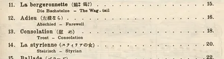 続く頁に後世のそれよりもだいぶ詳しく正確な作曲者紹介があった後、仏・独・英・日訳によるタイトル一覧。特に日本語訳に注目してみると見慣れぬ漢字表記が目に飛び込む。現在ひらがな表記されることの多い「せきれい」は「鶺鴒」。もう二度と会うことはないという気分の漂う「左様なら」の後には「慰め」。また、時代が下ると「子供の集会」や「子供会」と称されるようになる第5曲は「子供の會」、「貴婦人の乗馬」としてよく知られる第25曲は「令孃の馬乗」というように、日本語訳には外来文化を輸入する際に垣間見られるその時代の想像力と歴史的語感とが凝縮され、結果的に当時の日本文化が逆照射される。
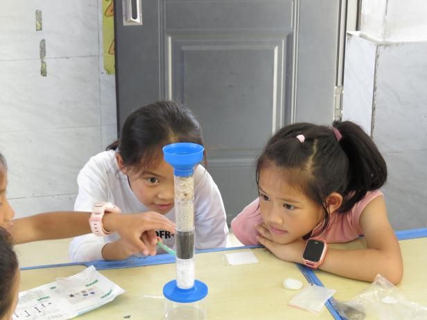 圖2支教團(tuán)成員帶領(lǐng)學(xué)生做污水凈化實驗
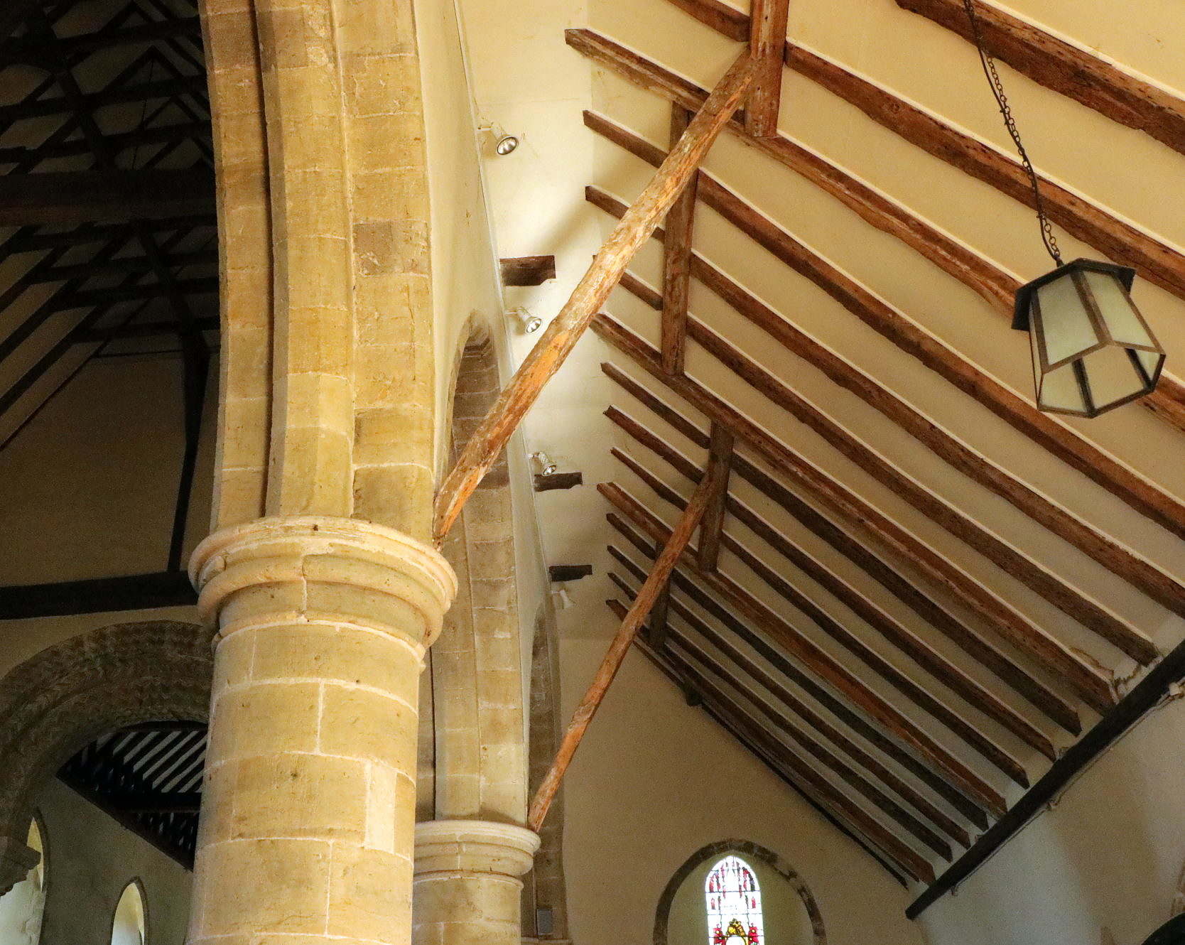 Unusually, the ends of the supporting struts rest on the capitals of the arcade pillars. This looks like a ‘belt and braces’ appproach to providing support to the rafters.
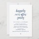 Belle écriture moderne et décontractée, en police de caractères bleue marine, Annonce de fuite en mariage, carte d'invitation (Fête pour toujours). C'est parfait pour votre réception de mariage et votre fête de célébration post-mariage. Ajoutez vos détails dans la même police / lettrage.
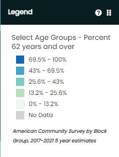 Many Arizona seniors reside beyond the urban setting. In Youngtown, Sun City, Sun city West and parts of Wickenburg, seniors 62 years old and older represent over 69% of the population (2021 American Community Survey). Data from the CDC’s Social Vulnerability Index suggests that many seniors in the Northwest Valley are also struggling with social stressors related to housing and economics (see Figure 3).
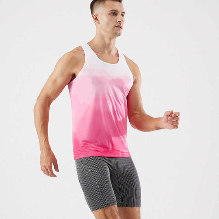 ノースリーブ タンクトップ メンズ 肌着 吸汗 速乾 軽量 グラデーション ジムウェア スポーツインナー レーサーバック Uネック トップス 通気性 ストレッチ ダンス トレーニング ランニング フィットネスウェア スポーティ おしゃれ グリーン ピンク ブルー パープル

- AIM OF THE EXERCISE
An exact reprint of the records above is required, with all pictures left out.

- EXERCISE RESULT
 続く頁に後世のそれよりもだいぶ詳しく正確な作曲者紹介があった後、仏・独・英・日訳によるタイトル一覧。特に日本語訳に注目してみると見慣れぬ漢字表記が目に飛び込む。現在ひらがな表記されることの多い「せきれい」は「鶺鴒」。もう二度と会うことはないという気分の漂う「左様なら」の後には「慰め」。また、時代が下ると「子供の集会」や「子供会」と称されるようになる第5曲は「子供の會」、「貴婦人の乗馬」としてよく知られる第25曲は「令孃の馬乗」というように、日本語訳には外来文化を輸入する際に垣間見られるその時代の想像力と歴史的語感とが凝縮され、結果的に当時の日本文化が逆照射される。
 圖2支教團(tuán)成員帶領(lǐng)學(xué)生做污水凈化實驗
 Unusually, the ends of the supporting struts rest on the capitals of the arcade pillars. This looks like a ‘belt and braces’ appproach to providing support to the rafters.
 Belle écriture moderne et décontractée, en police de caractères bleue marine, Annonce de fuite en mariage, carte d'invitation (Fête pour toujours). C'est parfait pour votre réception de mariage et votre fête de célébration post-mariage. Ajoutez vos détails dans la même police / lettrage.
 Many Arizona seniors reside beyond the urban setting. In Youngtown, Sun City, Sun city West and parts of Wickenburg, seniors 62 years old and older represent over 69% of the population (2021 American Community Survey). Data from the CDC’s Social Vulnerability Index suggests that many seniors in the Northwest Valley are also struggling with social stressors related to housing and economics (see Figure 3).
 ノースリーブ タンクトップ メンズ 肌着 吸汗 速乾 軽量 グラデーション ジムウェア スポーツインナー レーサーバック Uネック トップス 通気性 ストレッチ ダンス トレーニング ランニング フィットネスウェア スポーティ おしゃれ グリーン ピンク ブルー パープル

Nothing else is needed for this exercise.